**Exercise:**
The material below includes pictures; leave them out and return only the lines between the line containing "A delightful box" and the line containing "2016夏裝韓版寬松原宿BF風(fēng)兩個人短袖T恤打底衫 /", inclusive, word for word.

**Data to examine:**
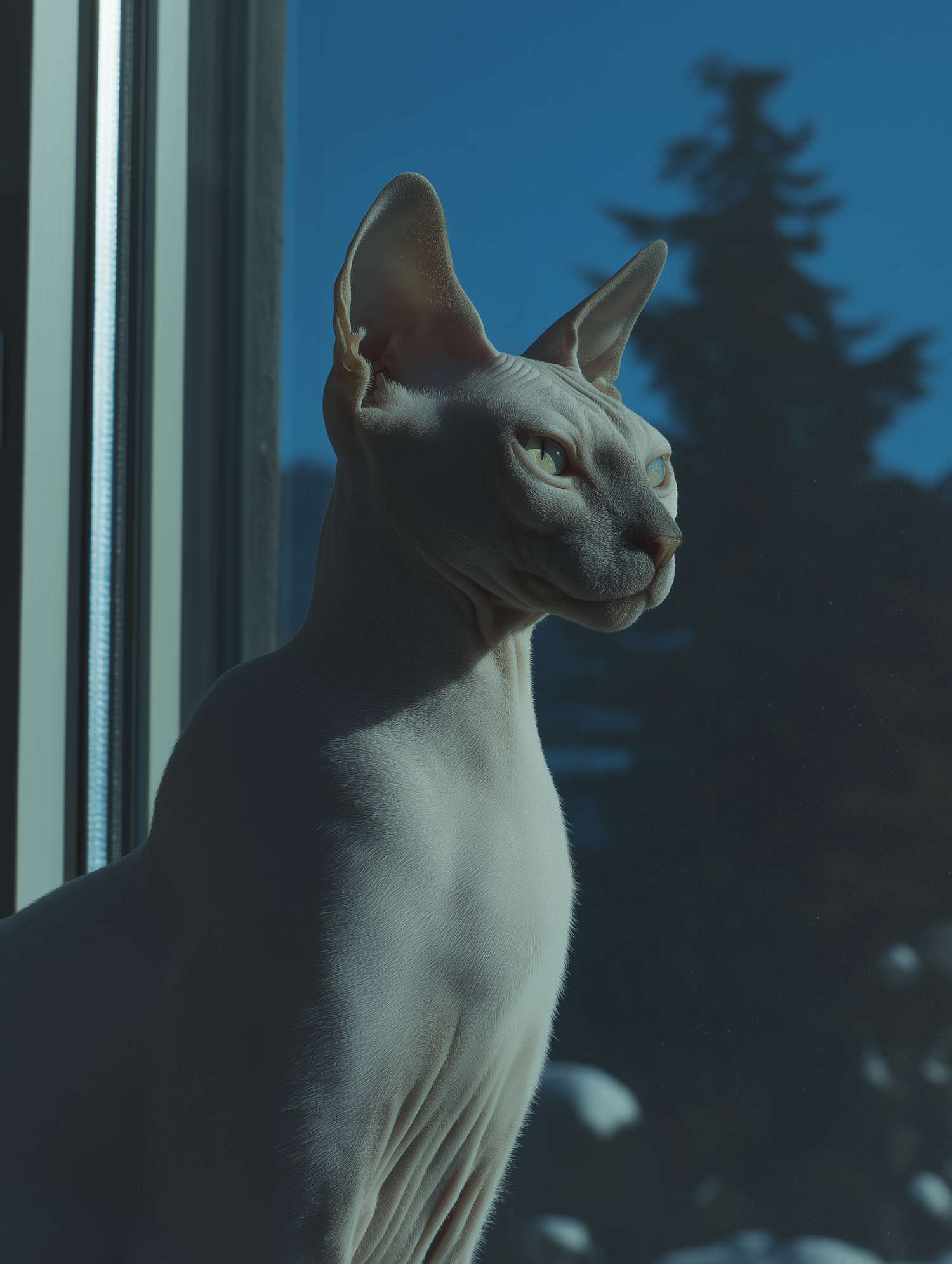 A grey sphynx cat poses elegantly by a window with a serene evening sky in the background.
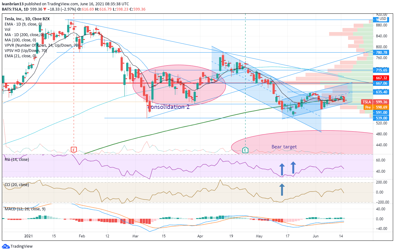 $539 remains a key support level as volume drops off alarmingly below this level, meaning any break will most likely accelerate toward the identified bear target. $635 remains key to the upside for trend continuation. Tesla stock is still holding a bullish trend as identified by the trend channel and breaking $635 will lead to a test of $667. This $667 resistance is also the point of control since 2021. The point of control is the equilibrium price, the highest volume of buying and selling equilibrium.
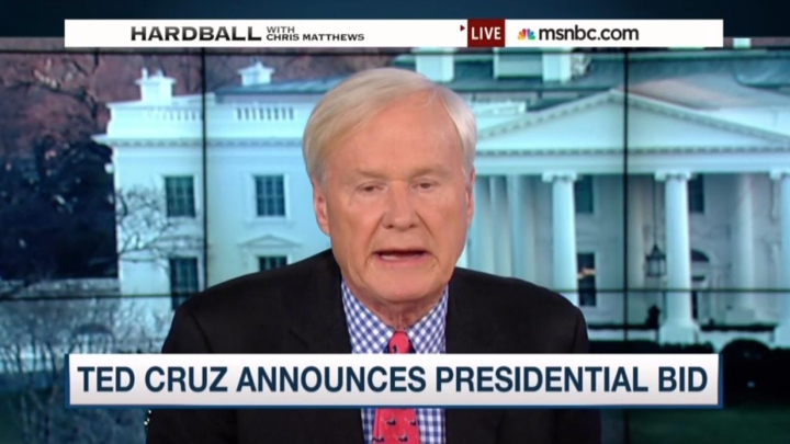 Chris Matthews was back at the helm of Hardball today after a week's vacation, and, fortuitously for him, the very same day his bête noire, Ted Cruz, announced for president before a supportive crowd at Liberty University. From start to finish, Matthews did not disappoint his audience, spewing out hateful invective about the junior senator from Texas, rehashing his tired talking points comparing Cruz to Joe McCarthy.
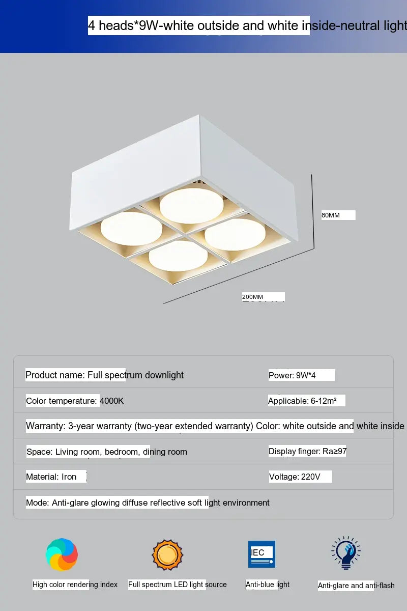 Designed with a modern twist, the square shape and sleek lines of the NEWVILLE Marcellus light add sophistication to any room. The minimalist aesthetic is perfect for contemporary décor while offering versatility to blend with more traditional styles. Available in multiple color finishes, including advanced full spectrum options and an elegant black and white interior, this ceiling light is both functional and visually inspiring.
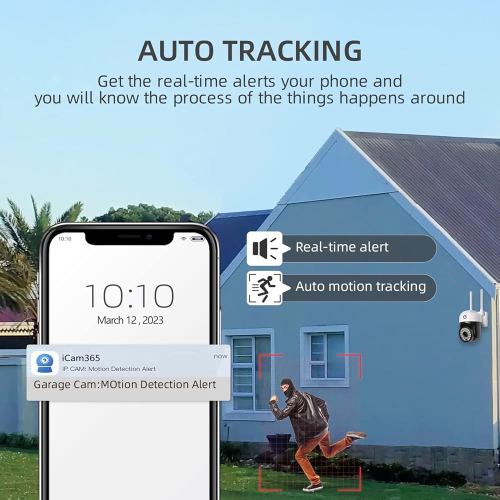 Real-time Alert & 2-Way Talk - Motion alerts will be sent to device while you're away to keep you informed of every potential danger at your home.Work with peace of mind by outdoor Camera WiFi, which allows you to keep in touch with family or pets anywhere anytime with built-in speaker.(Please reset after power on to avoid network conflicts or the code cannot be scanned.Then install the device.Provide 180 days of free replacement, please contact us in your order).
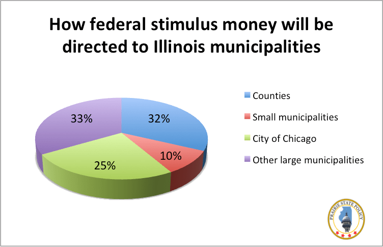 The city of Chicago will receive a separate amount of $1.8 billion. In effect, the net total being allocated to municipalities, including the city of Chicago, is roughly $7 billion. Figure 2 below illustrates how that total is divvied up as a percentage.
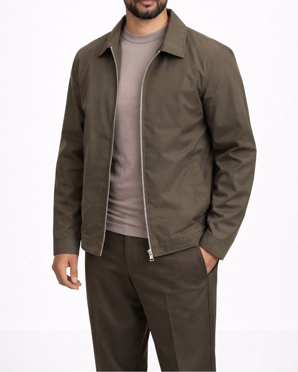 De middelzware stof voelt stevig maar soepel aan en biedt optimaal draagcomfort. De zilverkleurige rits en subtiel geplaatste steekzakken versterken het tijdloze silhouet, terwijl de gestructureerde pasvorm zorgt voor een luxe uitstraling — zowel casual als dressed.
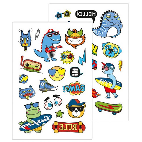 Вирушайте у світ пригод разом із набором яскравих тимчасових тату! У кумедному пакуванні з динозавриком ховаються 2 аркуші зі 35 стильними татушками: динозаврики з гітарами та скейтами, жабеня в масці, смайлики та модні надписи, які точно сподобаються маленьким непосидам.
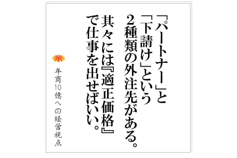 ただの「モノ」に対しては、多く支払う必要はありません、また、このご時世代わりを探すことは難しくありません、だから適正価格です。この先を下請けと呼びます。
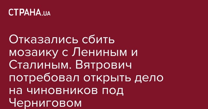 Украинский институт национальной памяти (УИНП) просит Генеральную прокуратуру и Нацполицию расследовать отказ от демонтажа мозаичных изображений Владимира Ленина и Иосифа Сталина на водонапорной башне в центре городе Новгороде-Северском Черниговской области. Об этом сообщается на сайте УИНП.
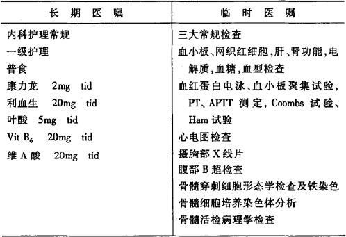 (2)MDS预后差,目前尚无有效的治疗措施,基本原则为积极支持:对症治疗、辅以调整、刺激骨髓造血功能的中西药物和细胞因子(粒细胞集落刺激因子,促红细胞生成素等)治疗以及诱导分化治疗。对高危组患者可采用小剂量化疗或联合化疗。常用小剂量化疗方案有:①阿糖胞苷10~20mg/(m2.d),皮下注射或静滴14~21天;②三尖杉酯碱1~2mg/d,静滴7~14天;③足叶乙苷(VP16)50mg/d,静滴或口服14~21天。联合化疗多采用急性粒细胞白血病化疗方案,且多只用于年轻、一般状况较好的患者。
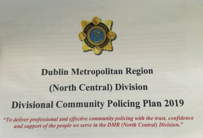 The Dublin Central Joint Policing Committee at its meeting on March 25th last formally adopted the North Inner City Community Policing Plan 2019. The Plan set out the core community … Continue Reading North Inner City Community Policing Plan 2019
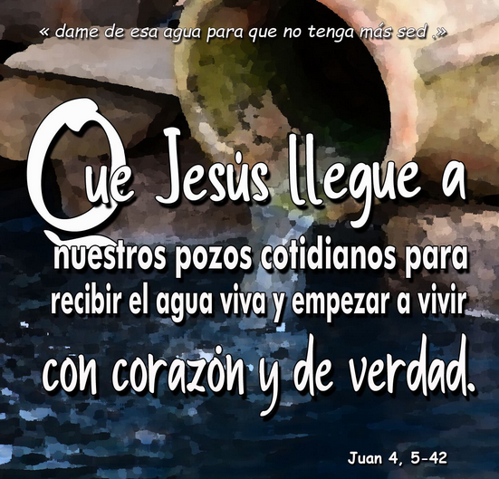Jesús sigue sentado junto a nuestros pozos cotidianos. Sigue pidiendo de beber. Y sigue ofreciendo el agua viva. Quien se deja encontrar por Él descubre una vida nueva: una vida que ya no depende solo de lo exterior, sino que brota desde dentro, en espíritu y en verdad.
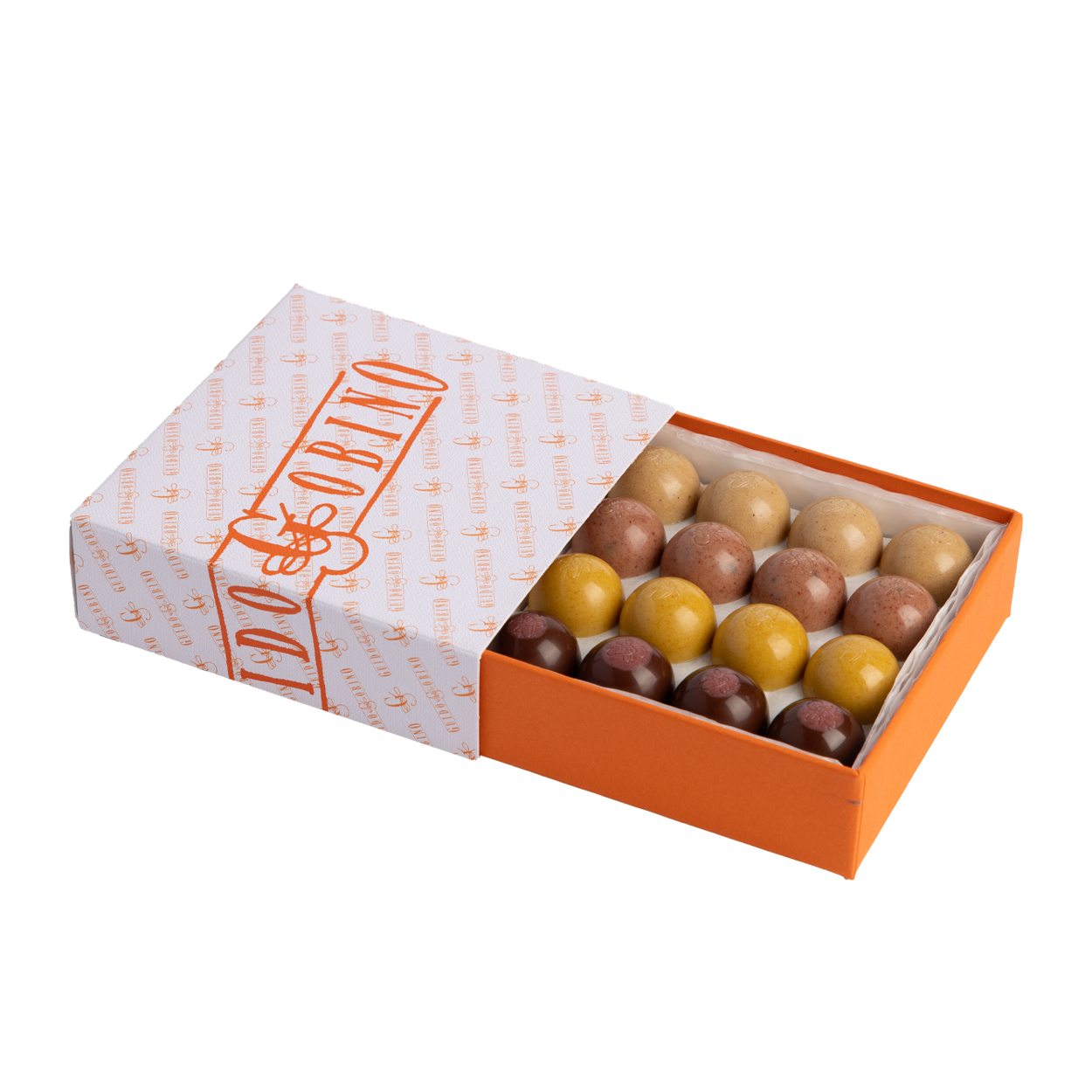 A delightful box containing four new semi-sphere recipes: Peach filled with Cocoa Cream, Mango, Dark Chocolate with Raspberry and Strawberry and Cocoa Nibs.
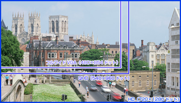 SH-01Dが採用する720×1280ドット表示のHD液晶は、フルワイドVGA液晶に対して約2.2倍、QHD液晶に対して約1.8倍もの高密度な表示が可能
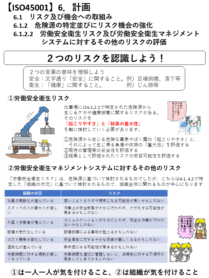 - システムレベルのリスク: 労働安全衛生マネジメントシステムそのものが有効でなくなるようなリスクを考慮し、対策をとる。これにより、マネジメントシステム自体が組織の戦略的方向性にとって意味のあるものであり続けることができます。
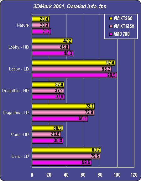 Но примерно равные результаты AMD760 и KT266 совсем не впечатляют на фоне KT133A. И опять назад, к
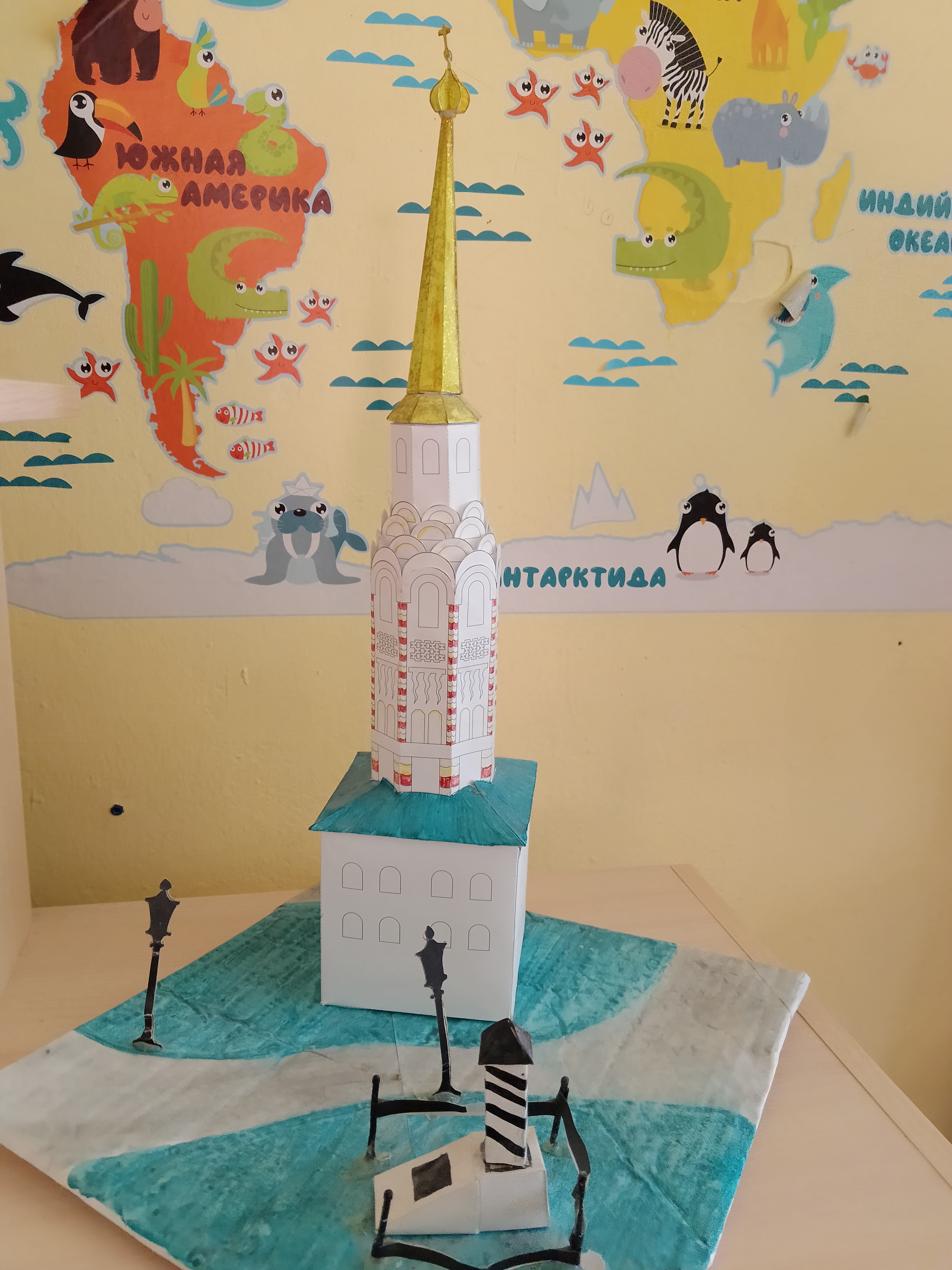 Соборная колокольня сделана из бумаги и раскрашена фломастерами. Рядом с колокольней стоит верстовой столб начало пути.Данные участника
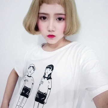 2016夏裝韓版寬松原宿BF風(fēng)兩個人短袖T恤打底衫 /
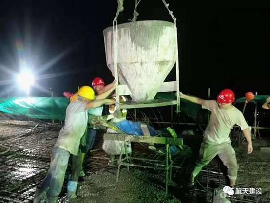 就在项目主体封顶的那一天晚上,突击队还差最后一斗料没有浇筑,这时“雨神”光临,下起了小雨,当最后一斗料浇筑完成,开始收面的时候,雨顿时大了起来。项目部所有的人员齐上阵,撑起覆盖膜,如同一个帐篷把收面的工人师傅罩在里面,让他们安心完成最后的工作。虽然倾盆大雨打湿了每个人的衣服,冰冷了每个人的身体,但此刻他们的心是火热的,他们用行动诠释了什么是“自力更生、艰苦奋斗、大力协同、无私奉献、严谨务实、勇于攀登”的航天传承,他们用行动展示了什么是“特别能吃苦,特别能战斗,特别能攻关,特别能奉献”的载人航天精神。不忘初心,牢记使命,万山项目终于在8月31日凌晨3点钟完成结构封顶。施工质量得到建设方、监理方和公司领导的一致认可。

**Exercise output:**
 A delightful box containing four new semi-sphere recipes: Peach filled with Cocoa Cream, Mango, Dark Chocolate with Raspberry and Strawberry and Cocoa Nibs.
 SH-01Dが採用する720×1280ドット表示のHD液晶は、フルワイドVGA液晶に対して約2.2倍、QHD液晶に対して約1.8倍もの高密度な表示が可能
 - システムレベルのリスク: 労働安全衛生マネジメントシステムそのものが有効でなくなるようなリスクを考慮し、対策をとる。これにより、マネジメントシステム自体が組織の戦略的方向性にとって意味のあるものであり続けることができます。
 Но примерно равные результаты AMD760 и KT266 совсем не впечатляют на фоне KT133A. И опять назад, к
 Соборная колокольня сделана из бумаги и раскрашена фломастерами. Рядом с колокольней стоит верстовой столб начало пути.Данные участника
 2016夏裝韓版寬松原宿BF風(fēng)兩個人短袖T恤打底衫 /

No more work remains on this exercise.